Truck Contracts: Everything You Need to Know
Truck contracts are used both by those who need to hire truckers and those hiring out their services. 3 min read
Truck contracts are used both by those who need to hire truckers and those hiring out their services. These contracts define the scope, cost, timeframe, and other terms of the project.
Defining Ideal Shipping and Trucking Clients
When starting a trucking company, it's important to define your ideal client. Being selective and strategic about the clients you work with is key to building a successful long-term business. Taking the time to define your ideal client can help guide decisions about whether to work with a particular individual or business. Start with the following considerations:
- Is the client a large freight brokerage or shipper?
- Does the client pay well?
- Do they pay quickly?
- Will they hire you on a regular basis?
- Do they ship freight to locations that are convenient?
- Do they value good service above the lowest rate?
- Do they have reasonable guidelines and regulations?
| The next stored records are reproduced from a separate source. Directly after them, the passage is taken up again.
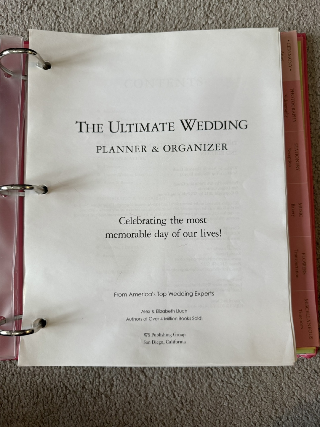 The Ultimate Wedding Planner & Organizer by Alex and Elizabeth Lluch. Binder book that you can write and fill in! Comes with a free reusable bag. Original cad 45$.
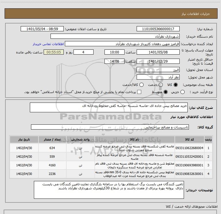 توضیحات خریدار:تامین کنندگان می بایست برگ استعلام بها را در سامانه بارگذاری نمایند-تامین کنندگان می بایست دارای پروانه بهره بردرای از معدن باشند و در شعاع 30کیلومتری شهرداری نظرآباد باشند
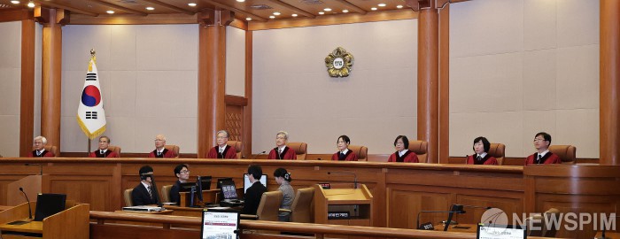 [서울=뉴스핌] 양윤모 기자 = 김상환 헌법재판소장이 18일 오후 서울 종로구 헌법재판소 대심판정에서 조지호 경찰청장의 탄핵심판 선고에서 재판관 전원일치로 파면을 인용하고 있다. 조 청장의 파면은 12·3 비상계엄 당시 국회 출입을 통제하는 등 입법부 권한을 침해하고 계엄에 가담했다는 의혹 등으로 소추된 지 371일만이다. 2025.12.18 yym58@newspim.com
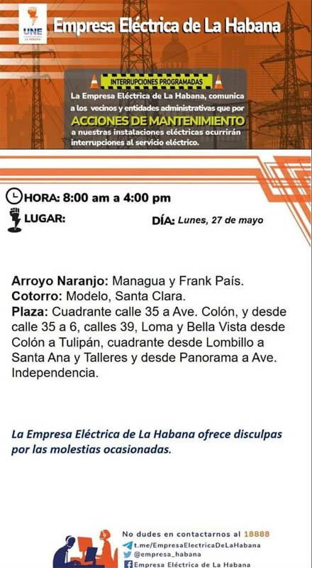 Saludos, cuáles son los bloques que conforman la Habana para los apagones? Gracias
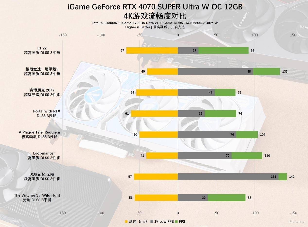 当然对于不太追求高帧数表现的游戏迷来说,iGame RTX 4070 SUPER Ultra W OC玩4K分辨率的主流3A游戏同样给力,在开启DLSS3模式下大部分游戏均能达到75 FPS帧数以上流畅运行游戏。
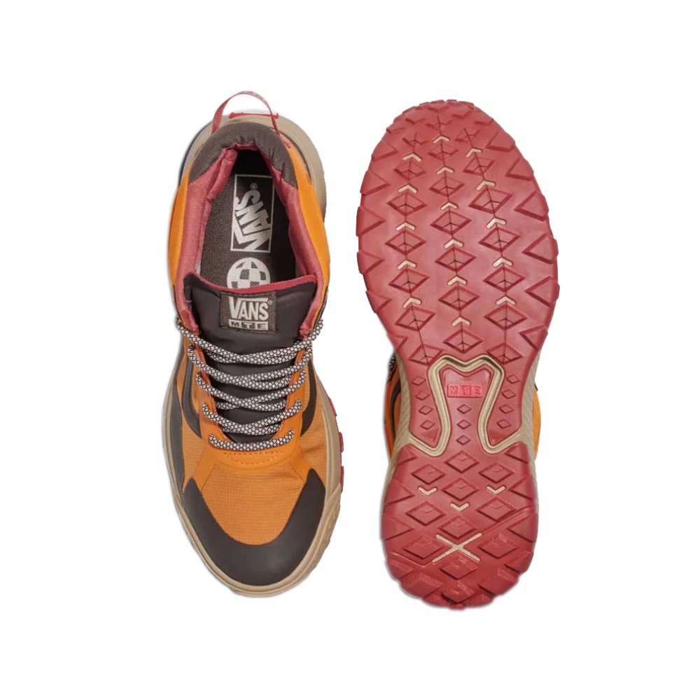 O Tênis Vans MTE Crosspath Mid Marmalade apresenta uma nova silhueta, criada para funcionar tanto nas ruas da cidade como em terrenos acidentados. Com elevação para apoio adicional do tornozelo, estes ténis são feitos para qualquer aventura, seja planejada ou espontânea, com conforto diário, ótima aderência e cabedal hidrorrepelente. Como parte da família MTE, estes ténis expandem as a linha de produtos robustos da Vans, inspirando-se diretamente na gama UltraRange. Sempre prontos para o que vem a seguir, os MTE Crosspath Mid combinam perfeitamente estilo e função para quem está sempre em movimento.
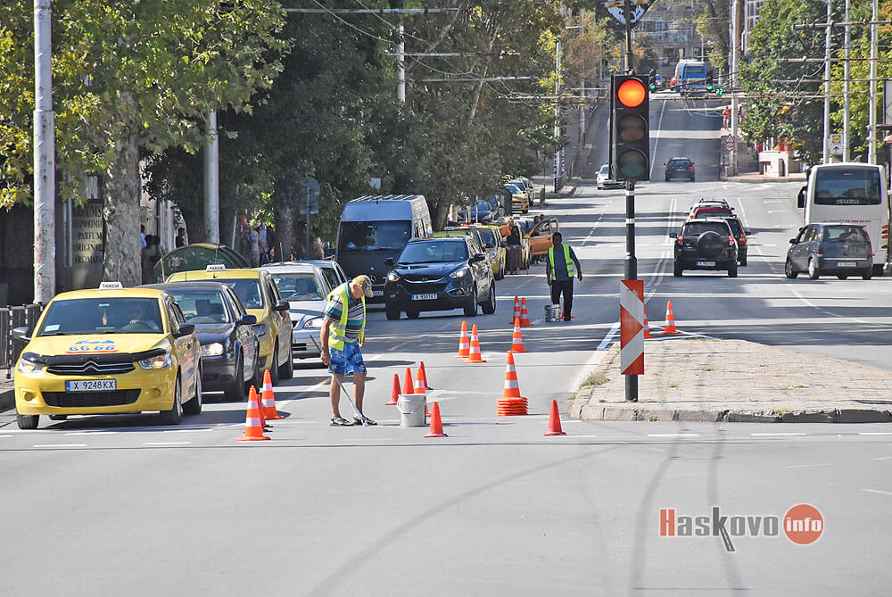 Работници на „Екопрогрес“ освежават маркировката по булевард „Съединение“ между автогарата и МБАЛ – Хасково.
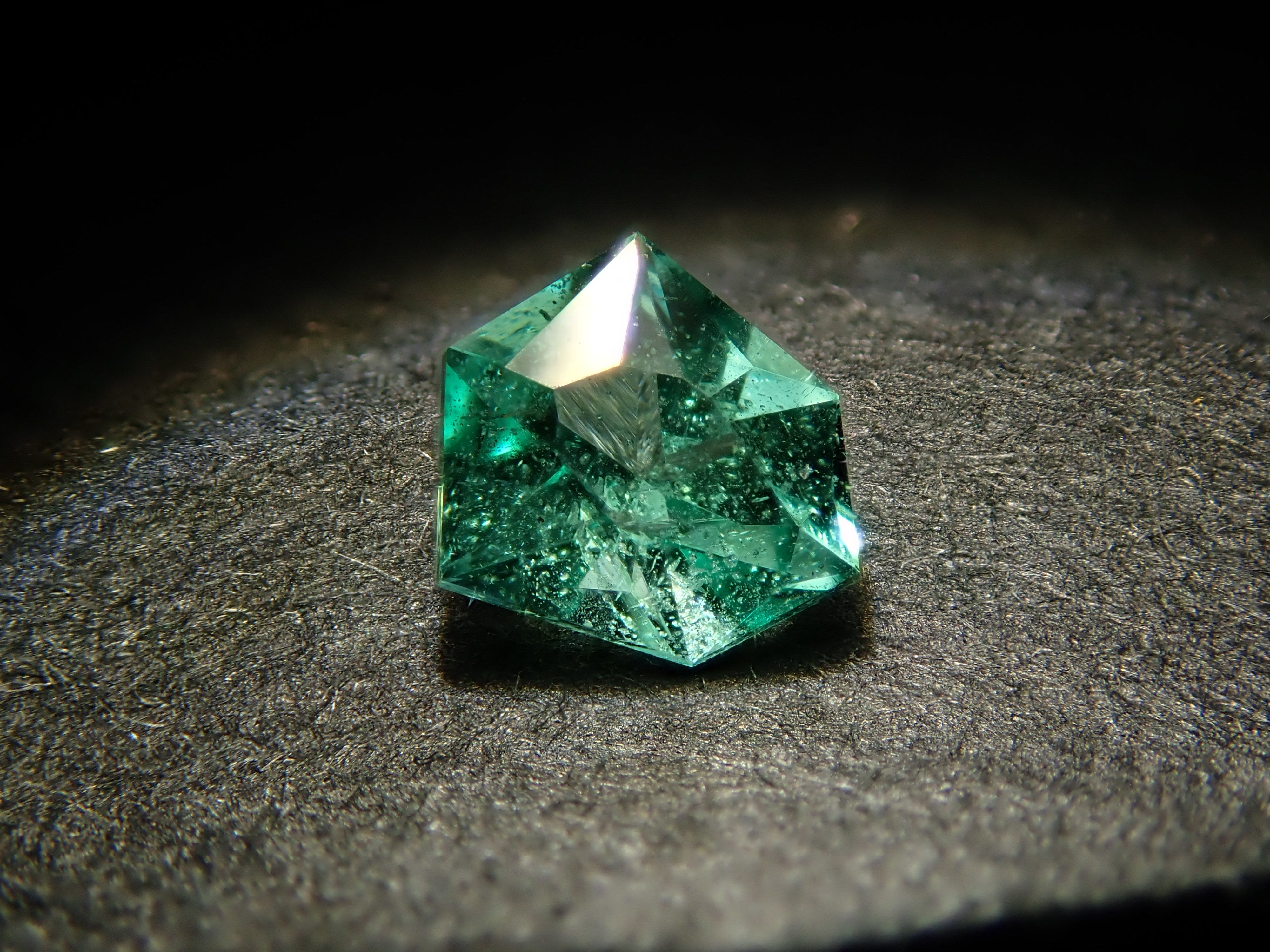 據說祖母綠的美麗綠色會因其產地而異。這顆祖母綠產自哥倫比亞,以其格外深邃的綠色而聞名。祖母綠通常容易被刮傷,因此通常會使用油處理來使刮傷不那麼明顯。盡情欣賞這優雅的綠色吧。

While few clients will meet all your criteria, it pays to make sure that those you choose to work with check most of these boxes.
Exploring Load Boards
When you first start your business, load boards can be a good resource to gain experience while earning money. With load boards, you'll find fierce competition for the best routes and loads, which means you may need to lower the price of your services. You'll also only get one load for the shipper, which means you need to return to the load board to find the next job. This is not the place to find regular work from reliable clients. However, when you do get a load, make sure you leave the shipper a pen, business card, or something else with your contact information on it.
Finding Regular Clients
The first step in building a client base is to contact shippers directly via phone or email. This is typically more effective and less expensive than print ads and other marketing methods. Get to know the types of shipments that travel from your area. Check out the load densities section and target brokers in a region where more loads than trucks are available. Post your trucks in these areas to receive steady work at more competitive prices. You should also post your trucks on boards in any area where you happen to be.
To broker your own loads, you can establish a broker LLC and target shippers who work with load brokers. With this strategy, you'll receive both the trucking fee and the brokerage fee. An advantage of having broker authority is that you can see the quotes of other carriers, which can help you competitively price your services.
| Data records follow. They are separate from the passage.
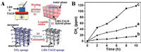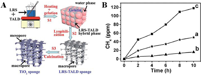 | Fig. 23. (A) Schematic diagram of the procedure for preparing specific TiO2 sponge. (B) CH4 generation of (a) macro-mesoporous TiO2 sponges, (b) referred TiO2 without LRS, and (c) Pt-Cu supported macro-mesoporous TiO2 sponges. Reprinted with permission [100]. Copyright 2014, Royal Society Chemistry. | |
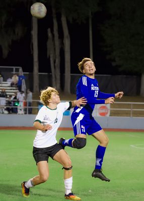 Trenton Noble scored both goals for the Keystone Heights High School boy soccer team in its 3-2 loss to Eastside in the Jan. 23 District 4-3A tournament semifinals in Alachua.
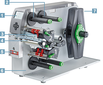 透過打印滾軸后方的導引裝置能使打印不偏移。使用旋鈕調整寬度時導引裝置會自動向中間靠攏。使用 A4+T 及 XD4T時額外安裝的馬達驅動滾軸能使打印完成的布質標簽平穩地和碳帶分離。
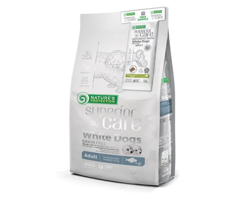 Zalety karmy Nature’s Protection Superior Care White Dogs Adult Small Fish:
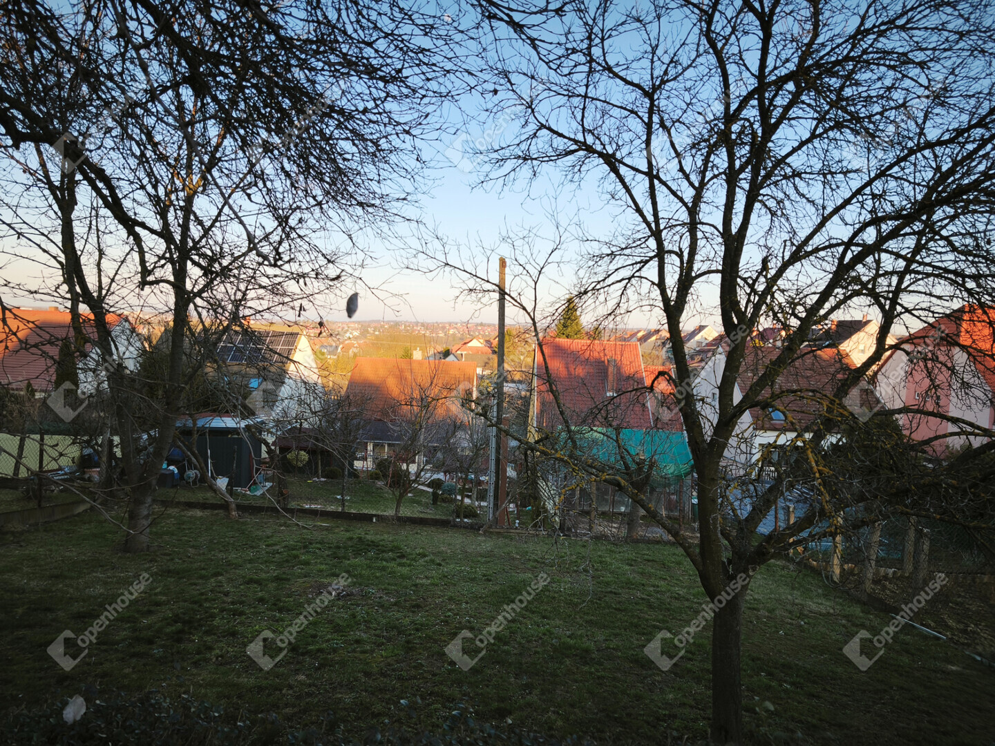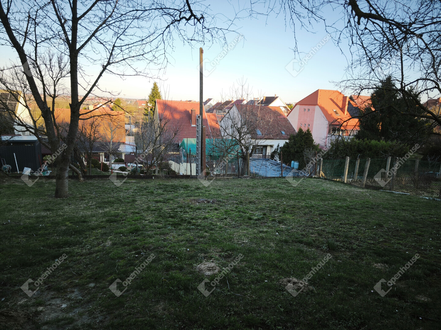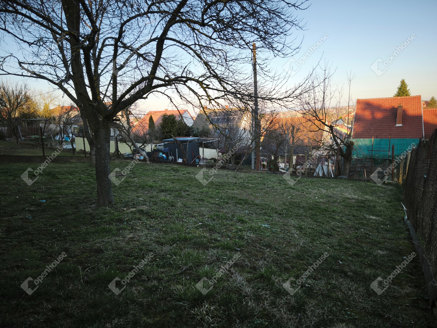 A telek 614 m2, gondozott kertjében gyümölcsfák találhatók, a kocsibeálló gyeptéglás.

Check online bidding sites for available accounts and contracts. You can easily browse these sites and bid on loads, with the load awarded to the lowest priced bidder. To get your first few jobs, price your services 5 percent lower than those of competitors. You can also search classified ads to find trucking contracts for hire.
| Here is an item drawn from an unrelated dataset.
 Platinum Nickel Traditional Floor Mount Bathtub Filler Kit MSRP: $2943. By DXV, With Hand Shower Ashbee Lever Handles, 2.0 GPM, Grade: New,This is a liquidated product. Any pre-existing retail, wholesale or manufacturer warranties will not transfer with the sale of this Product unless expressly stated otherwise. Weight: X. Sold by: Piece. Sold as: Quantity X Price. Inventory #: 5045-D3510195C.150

You can also market your trucking business on social media. Ask clients to post positive reviews and photos of your work that will convince additional clients to use your services. You can also expand your reach by advertising on these sites.
Shipping for the U.S. Government
The U.S. government is one of the largest shippers in the nation. Many of their loads are outsourced to small fleets and sole proprietors. You can find government shipping opportunities through the Postal Service on FedBizOpps and through the General Services Administration.
To profit from your trucking services, it's important to determine and price your work higher than your costs. First, determine your vehicle's mileage per gallon by filling your tank, driving 100 miles, then filling it again and recording how many gallons of gas it takes to do so. Subtract the number of gallons it takes to fill the take from the total gallon capacity of your gas tank, then divide that number by 100 to reach your truck's mileage per gallon.
For each contract, determine the required mileage by multiplying the mileage for each trip by the number of trips. Then multiple this number by the cost per gallon of gas to determine the cost of your trip.